Copy exactly the lines of the material below that fall between the line with "(三)一九五九年四月华夏中学" and the line with "Makita Mesin Bor", both of those lines included; pictures stay out.

STORED DATA Start Marker

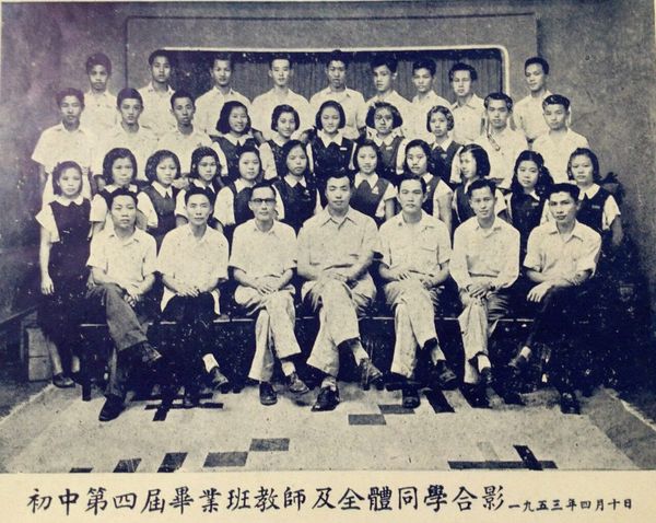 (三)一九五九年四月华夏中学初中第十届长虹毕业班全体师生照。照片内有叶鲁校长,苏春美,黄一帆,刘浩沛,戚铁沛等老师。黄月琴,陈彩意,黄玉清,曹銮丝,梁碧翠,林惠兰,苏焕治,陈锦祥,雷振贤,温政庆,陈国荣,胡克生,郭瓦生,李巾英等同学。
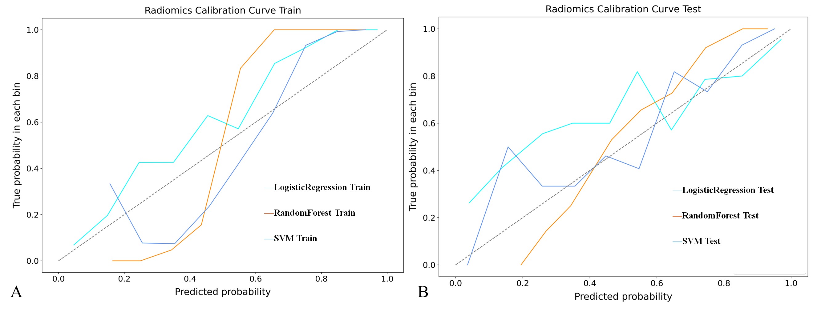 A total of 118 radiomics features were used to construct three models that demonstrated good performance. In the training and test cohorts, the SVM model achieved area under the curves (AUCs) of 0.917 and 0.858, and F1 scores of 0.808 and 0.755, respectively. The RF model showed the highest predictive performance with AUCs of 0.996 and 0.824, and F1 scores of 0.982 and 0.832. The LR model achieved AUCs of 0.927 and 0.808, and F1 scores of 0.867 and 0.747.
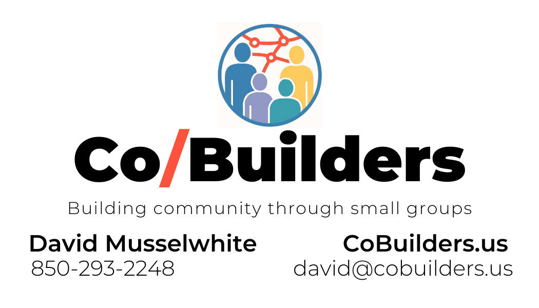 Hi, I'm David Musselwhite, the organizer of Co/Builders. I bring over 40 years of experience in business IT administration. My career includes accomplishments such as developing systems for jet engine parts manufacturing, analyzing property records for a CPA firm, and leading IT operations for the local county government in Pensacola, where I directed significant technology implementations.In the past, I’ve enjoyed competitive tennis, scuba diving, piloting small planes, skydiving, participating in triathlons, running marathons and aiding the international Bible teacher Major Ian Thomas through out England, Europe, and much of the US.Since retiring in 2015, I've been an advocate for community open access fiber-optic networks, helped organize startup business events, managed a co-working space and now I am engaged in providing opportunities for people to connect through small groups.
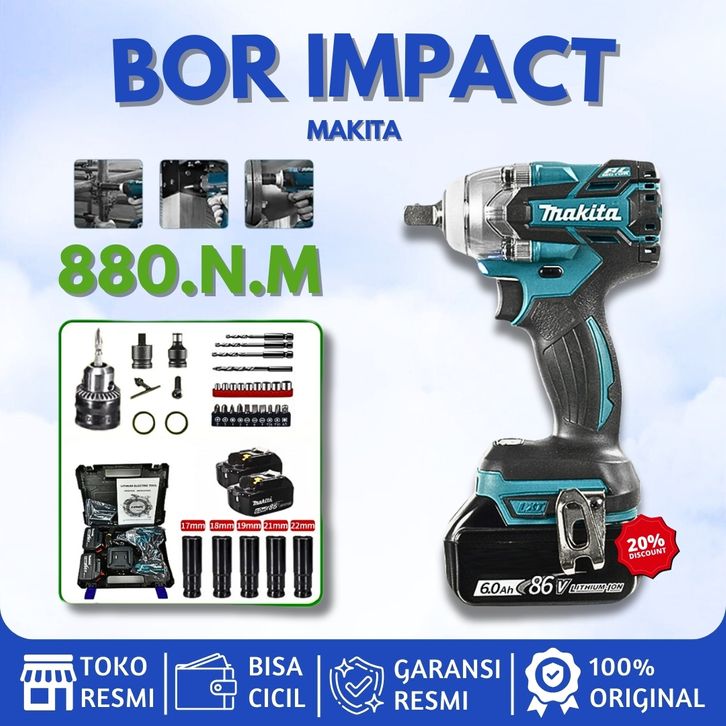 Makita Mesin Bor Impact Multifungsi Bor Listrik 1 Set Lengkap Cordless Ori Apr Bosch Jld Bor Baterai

STORED DATA End Marker
STORED DATA Start Marker

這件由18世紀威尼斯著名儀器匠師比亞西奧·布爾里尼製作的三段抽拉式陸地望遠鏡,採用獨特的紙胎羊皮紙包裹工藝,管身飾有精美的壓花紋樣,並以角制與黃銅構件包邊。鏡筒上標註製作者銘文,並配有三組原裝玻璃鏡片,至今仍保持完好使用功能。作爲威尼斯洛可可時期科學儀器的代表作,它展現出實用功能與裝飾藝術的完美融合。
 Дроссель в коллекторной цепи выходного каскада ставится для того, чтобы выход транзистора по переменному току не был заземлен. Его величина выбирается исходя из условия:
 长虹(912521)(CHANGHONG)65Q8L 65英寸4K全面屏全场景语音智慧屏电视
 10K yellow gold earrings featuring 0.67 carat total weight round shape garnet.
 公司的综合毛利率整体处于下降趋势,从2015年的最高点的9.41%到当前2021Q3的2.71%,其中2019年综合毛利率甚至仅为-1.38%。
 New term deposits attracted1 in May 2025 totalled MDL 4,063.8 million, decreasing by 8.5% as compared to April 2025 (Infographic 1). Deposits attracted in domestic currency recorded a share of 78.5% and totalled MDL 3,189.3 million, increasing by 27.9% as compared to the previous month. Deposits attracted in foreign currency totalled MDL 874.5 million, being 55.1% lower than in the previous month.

STORED DATA End Marker
STORED DATA Start Marker

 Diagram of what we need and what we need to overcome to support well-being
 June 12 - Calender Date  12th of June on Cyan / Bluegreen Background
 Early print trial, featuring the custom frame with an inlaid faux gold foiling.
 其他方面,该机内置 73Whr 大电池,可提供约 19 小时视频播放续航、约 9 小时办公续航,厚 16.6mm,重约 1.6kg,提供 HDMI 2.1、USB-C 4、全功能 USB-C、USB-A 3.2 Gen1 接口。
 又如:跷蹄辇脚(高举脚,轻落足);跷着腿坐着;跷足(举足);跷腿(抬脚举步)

STORED DATA End Marker

EXERCISE RESPONSE
 (三)一九五九年四月华夏中学初中第十届长虹毕业班全体师生照。照片内有叶鲁校长,苏春美,黄一帆,刘浩沛,戚铁沛等老师。黄月琴,陈彩意,黄玉清,曹銮丝,梁碧翠,林惠兰,苏焕治,陈锦祥,雷振贤,温政庆,陈国荣,胡克生,郭瓦生,李巾英等同学。
 A total of 118 radiomics features were used to construct three models that demonstrated good performance. In the training and test cohorts, the SVM model achieved area under the curves (AUCs) of 0.917 and 0.858, and F1 scores of 0.808 and 0.755, respectively. The RF model showed the highest predictive performance with AUCs of 0.996 and 0.824, and F1 scores of 0.982 and 0.832. The LR model achieved AUCs of 0.927 and 0.808, and F1 scores of 0.867 and 0.747.
 Hi, I'm David Musselwhite, the organizer of Co/Builders. I bring over 40 years of experience in business IT administration. My career includes accomplishments such as developing systems for jet engine parts manufacturing, analyzing property records for a CPA firm, and leading IT operations for the local county government in Pensacola, where I directed significant technology implementations.In the past, I’ve enjoyed competitive tennis, scuba diving, piloting small planes, skydiving, participating in triathlons, running marathons and aiding the international Bible teacher Major Ian Thomas through out England, Europe, and much of the US.Since retiring in 2015, I've been an advocate for community open access fiber-optic networks, helped organize startup business events, managed a co-working space and now I am engaged in providing opportunities for people to connect through small groups.
 Makita Mesin Bor Impact Multifungsi Bor Listrik 1 Set Lengkap Cordless Ori Apr Bosch Jld Bor Baterai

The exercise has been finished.